How would you describe the state of the greenhouse floriculture industry today?
I think the biggest problem in our industry is the industry has consolidated. As a larger grower on the West Coast, our outlets have shrunk to five or six customers. The economic situation, especially in California with the housing crash, has really devastated the market. California, Nevada and Arizona have extended markets. It's not the same as in the Northeast, where a season is a season. You plant or you don't. It's hard to spend money on plants if you don't know if you'll be living in your house. If consumer confidence doesn't turn around, I don't know how long Home Depot and Lowe's can withstand this downturn.
We have big conglomerates using Wall Street money who don't have the same rules as the rest of a mom-and-pop industry. The tragedy is so many good nurseries like El Modeno (Gardens) have to leave the industry. The bankruptcies filed by Hines (Nurseries) and Bordier's (Nursery) are indicative of the state of the industry.
Nurseries ramped up, expanded, over-capitalized and had a surplus of inventory, which drives prices down. We have a recipe for disaster with what has been going on. My biggest concern is deflationary pricing. Will it come back? Once buyers and consumers are trained on price, will the consumer buy again at the normal cost?
Has there been a changing of the guard in industry leadership?
I think the industry is lost now. I don't think there is leadership. I don't think there's an area of the industry that's solid. Everything is in limbo.
My father, who is 69, was in the industry for 40 years. Old guys like him were mentors to me. When they sit back and see how the industry has evolved, you'd like to think they'd be proud of where the industry is at and they really are not.
What are the greatest challenges growers are facing today?
For growers, it's not even about plants anymore but merchandising, rebates and in-store service. Retailers want to take their hands off and don't want to incur any shrink. The boxes want every store to look alike and be perfect. I don't believe one grower entity can do it, all under one management system.

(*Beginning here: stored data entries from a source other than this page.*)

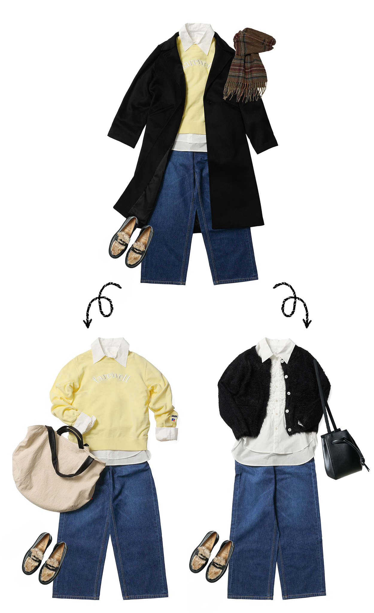 ベーシックなチェスターコートに、イエローのクルーネックスウェットを合わせた ほどよく力の抜けたきれいめカジュアルスタイル。ストレートシルエットのハイウエストデニムですっきりとしたバランスにまとめ、 足元はファーローファーで季節感を添えました。チェック柄の羊毛マフラーは、温かさと軽やかさを兼ね備えたアクセントに。イエロースウェットをシャギー素材のカーディガンに替えれば、シャツのフロントフリルがさりげなく覗き、より落ち着いた大人のムードを楽しめます。
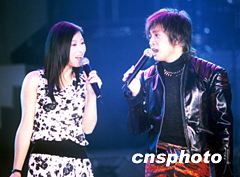 二十二日晚,蘇有朋在滬舉辦了其入行以來首場個人演唱會,在演唱會上與內地女主持舒高深情對唱一曲“一路順風”。圖為蘇有朋與舒高在演唱會上演唱。中新社圖 彥俊 攝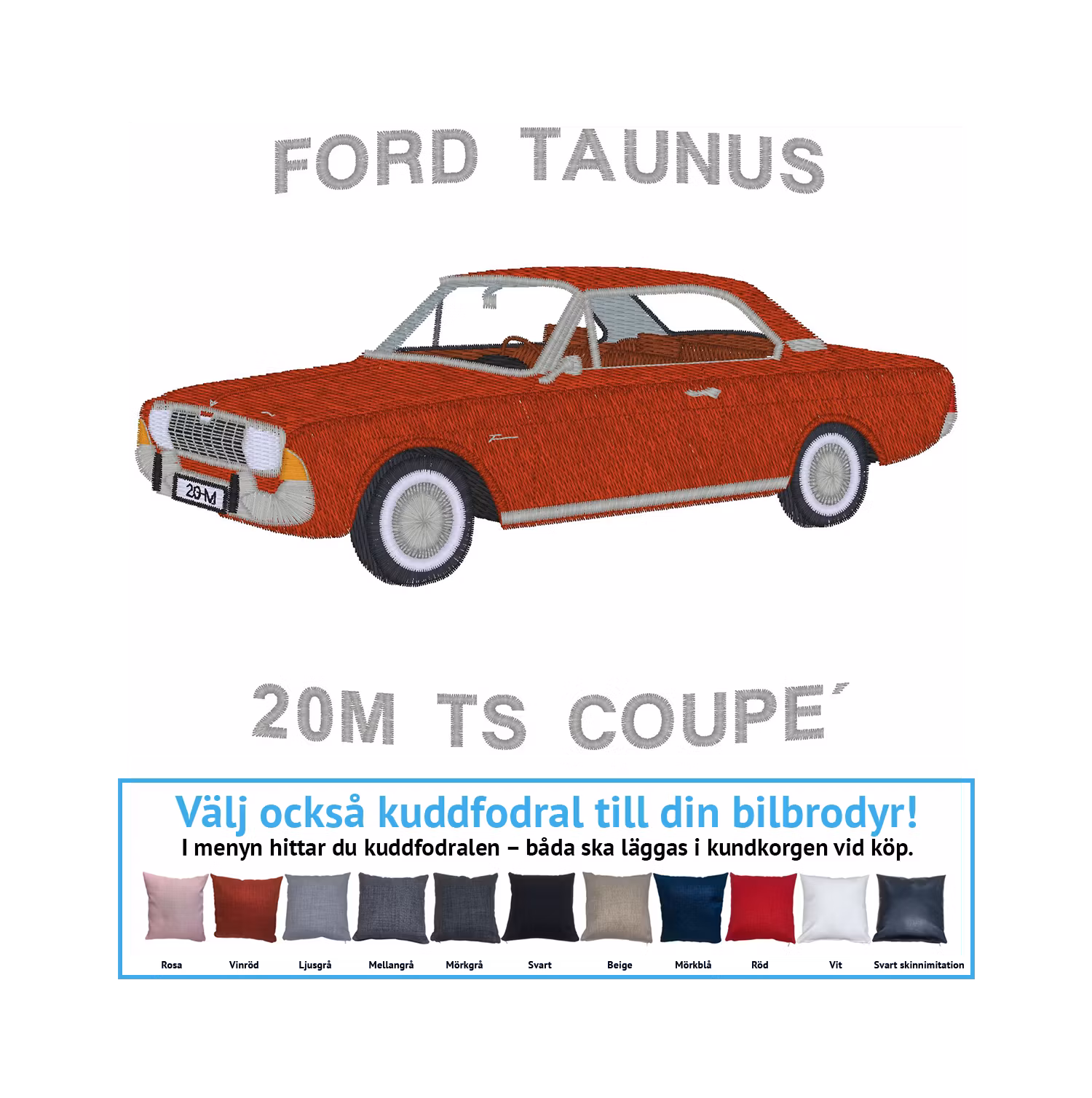 Ford Taunus 20m TS coupe 420 kr Maskinbroderad Ford Taunus 20m TS coupe. Välj vilket kuddfodral du vill ha brodyren på – du hittar våra kuddfodral i menyn. I lager. Lägg i korgen Artikelnummer: 441 Dela Information Maskinbroderad Ford Taunus 20m TS coupe. Välj vilket kuddfodral du vill ha brodyren på – du hittar våra kuddfodral i menyn.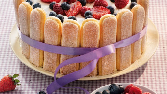 Einen Tortenring (20 cm Ø) auf eine Tortenplatte stellen. Die Löffelbiskuits am Rand des Rings herum aufstellen. Die Creme in die Mitte geben und alles im Kühlschrank mindestens 4 Stunden fest werden lassen.

The industry is too specialized. It takes a lifetime to become an expert growing certain crops. Yes, there can be contract growing, but the expertise in growing has to stay. The Bell Nursery model sounds good, but how can you be competitive from a price point if you're buying in from others? It opens the door to competition. A lot of big retailers want the lowest price and they want to pass the costs of shrink on to the end consumer.
When I became a grower, I didn't know I'd be doing marketing and logistics in addition to growing. You better know what you're doing or you'll learn a lot the hard way. I'm gonna survive this no matter what, but it's hard when you work like an animal for countless hours and you are so subjected to forces beyond your control - people making decisions who have never visited your facility. You did nothing wrong, yet, they're going to penalize you. We're so ramped up to do business with the large retailers. We have the trucks, drivers, staff and infrastructure needed to process hundreds of orders a day. It takes a lot to get that done and it costs money.